● Records supplied:
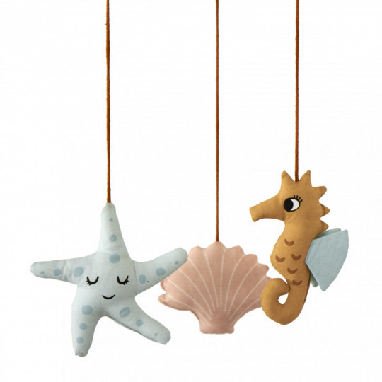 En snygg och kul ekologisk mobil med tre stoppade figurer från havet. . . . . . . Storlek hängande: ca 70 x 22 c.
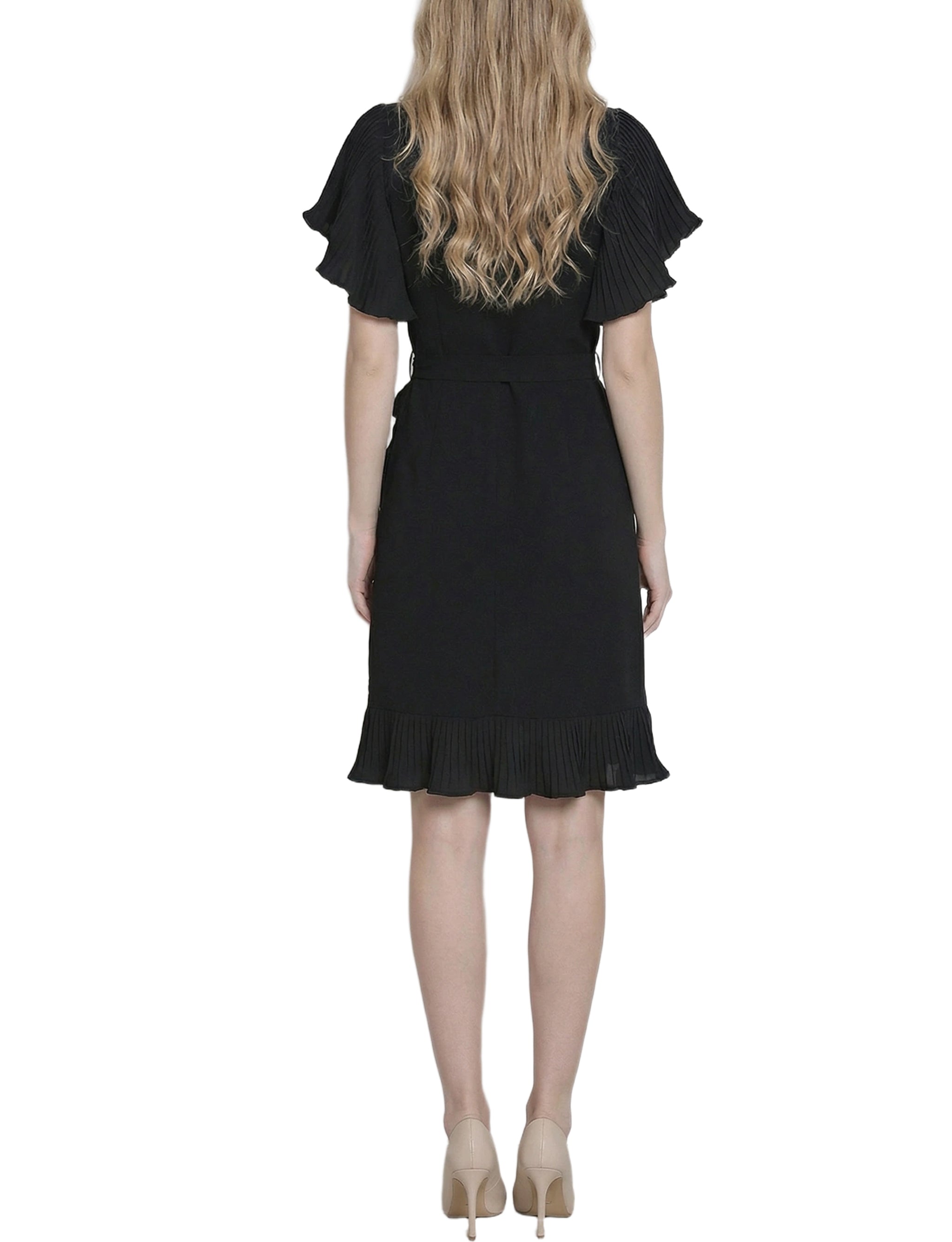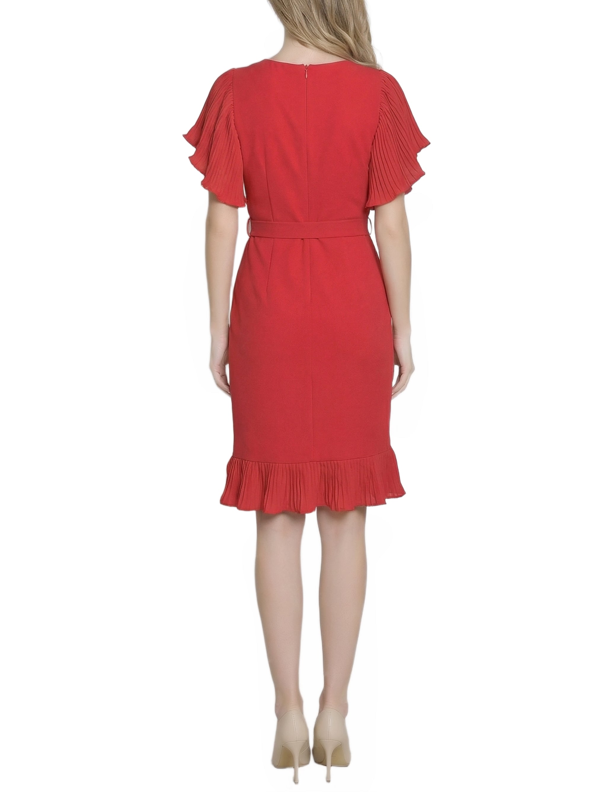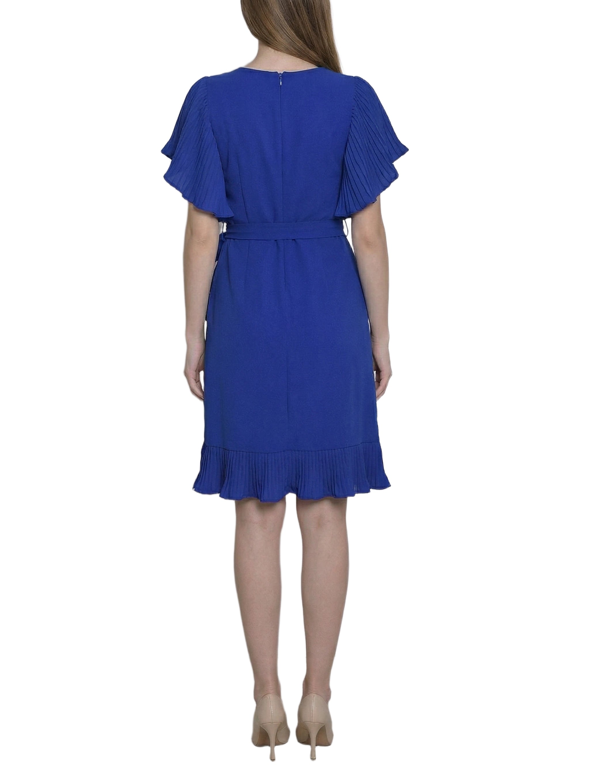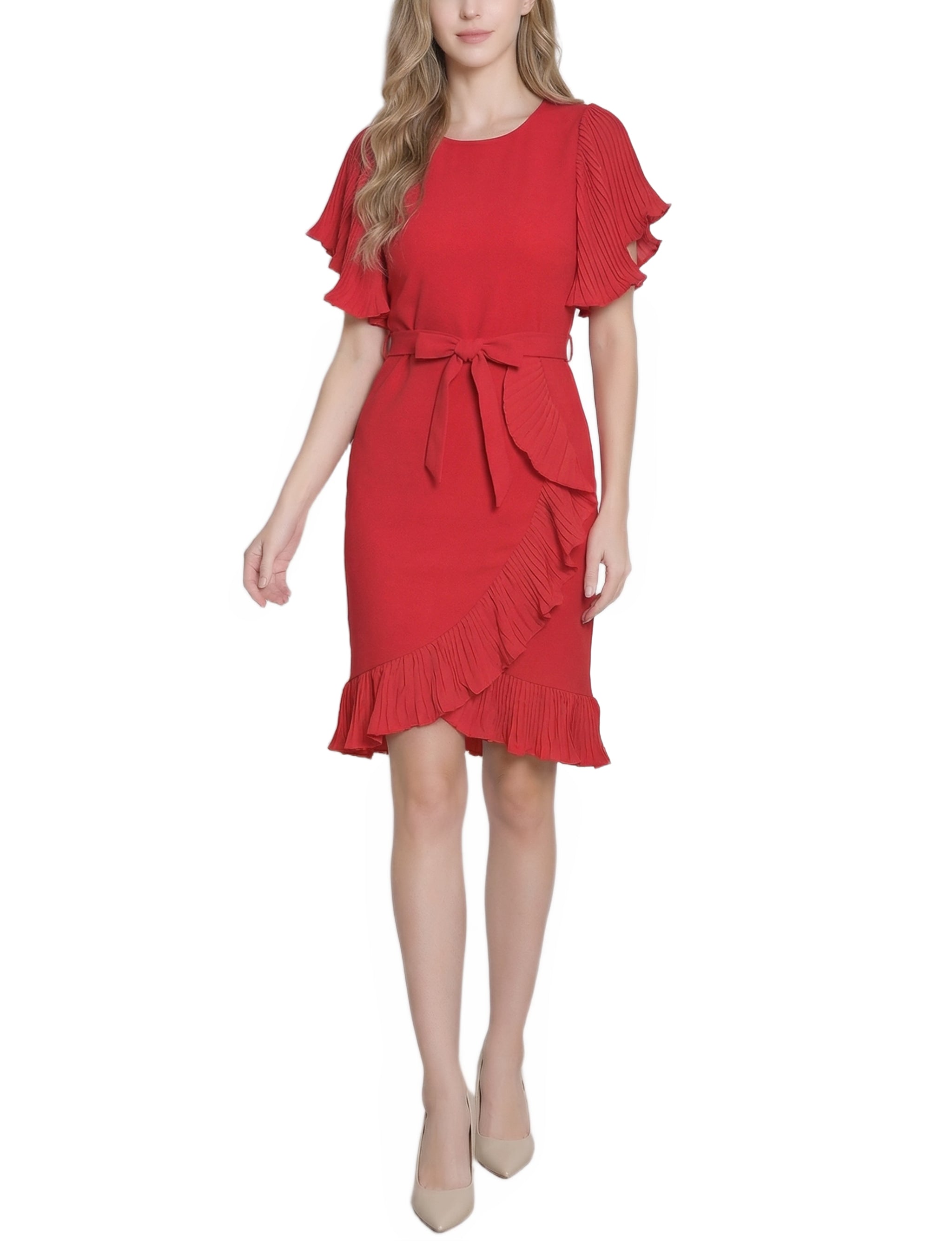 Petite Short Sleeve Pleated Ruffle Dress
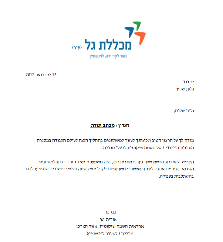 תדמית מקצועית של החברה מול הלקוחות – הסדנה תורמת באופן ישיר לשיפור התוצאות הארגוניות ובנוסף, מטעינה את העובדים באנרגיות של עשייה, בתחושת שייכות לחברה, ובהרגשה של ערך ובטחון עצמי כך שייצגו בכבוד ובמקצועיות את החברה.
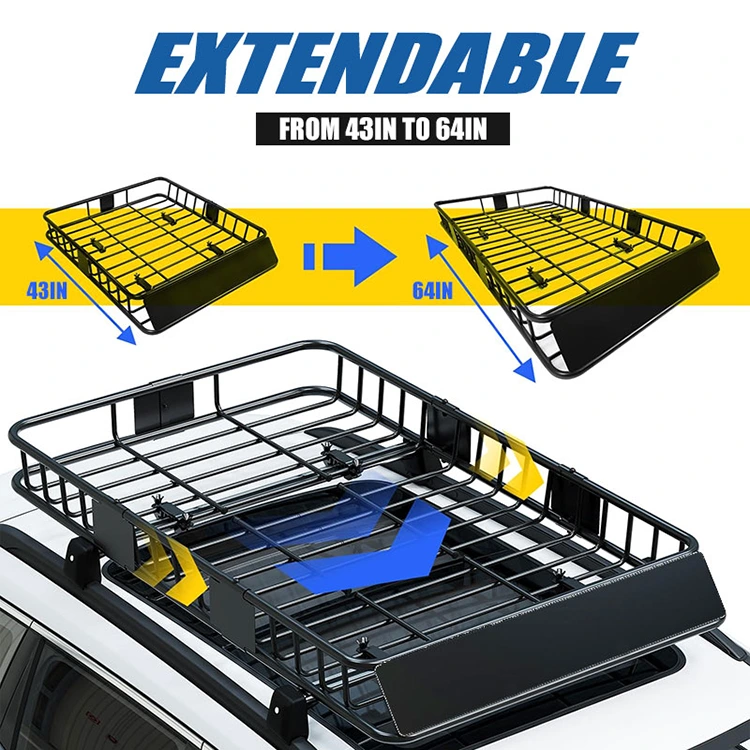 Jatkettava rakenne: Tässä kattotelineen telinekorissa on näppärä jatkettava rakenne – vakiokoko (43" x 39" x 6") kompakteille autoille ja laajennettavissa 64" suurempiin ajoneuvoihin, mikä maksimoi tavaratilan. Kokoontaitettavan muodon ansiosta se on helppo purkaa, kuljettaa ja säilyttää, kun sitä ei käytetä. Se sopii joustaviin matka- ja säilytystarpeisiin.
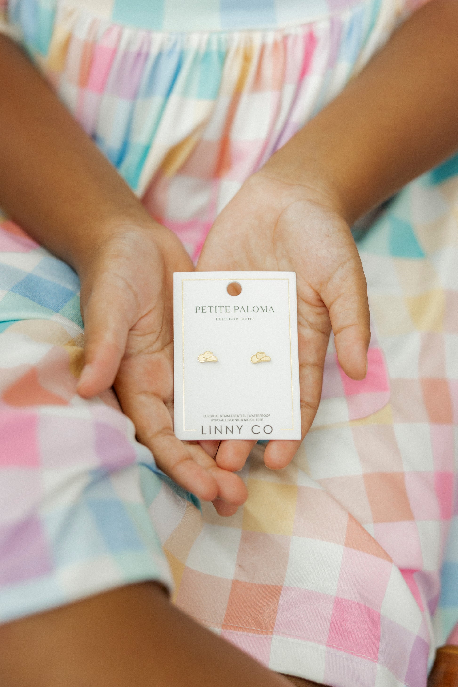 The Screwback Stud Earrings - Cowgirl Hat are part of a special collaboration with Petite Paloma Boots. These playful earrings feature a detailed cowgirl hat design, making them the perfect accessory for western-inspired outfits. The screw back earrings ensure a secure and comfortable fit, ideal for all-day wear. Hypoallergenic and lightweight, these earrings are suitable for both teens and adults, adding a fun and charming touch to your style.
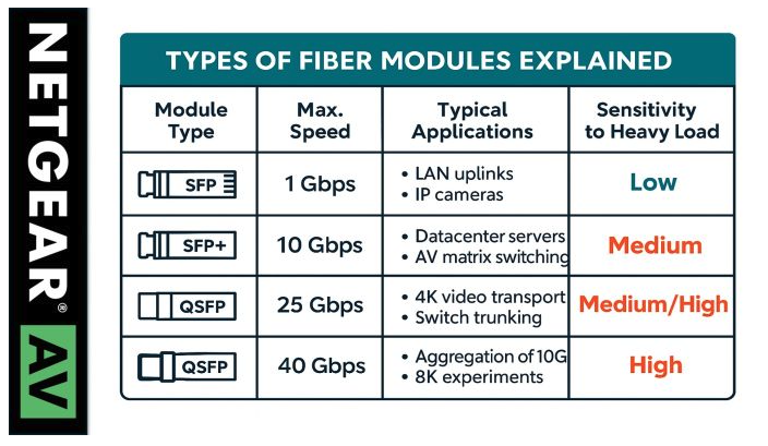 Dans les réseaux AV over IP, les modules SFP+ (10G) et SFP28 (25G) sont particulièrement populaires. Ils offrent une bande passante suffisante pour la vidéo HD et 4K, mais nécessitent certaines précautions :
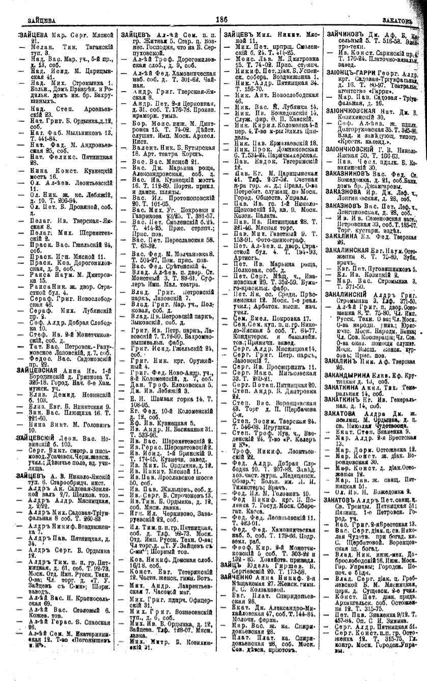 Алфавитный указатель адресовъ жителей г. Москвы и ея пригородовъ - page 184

● Activity:
Quote only what lies between the first line of the records and the line containing "תדמית מקצועית של", please, including both lines and excluding images.

● Answer area:
 En snygg och kul ekologisk mobil med tre stoppade figurer från havet. . . . . . . Storlek hängande: ca 70 x 22 c.
 Petite Short Sleeve Pleated Ruffle Dress
 תדמית מקצועית של החברה מול הלקוחות – הסדנה תורמת באופן ישיר לשיפור התוצאות הארגוניות ובנוסף, מטעינה את העובדים באנרגיות של עשייה, בתחושת שייכות לחברה, ובהרגשה של ערך ובטחון עצמי כך שייצגו בכבוד ובמקצועיות את החברה.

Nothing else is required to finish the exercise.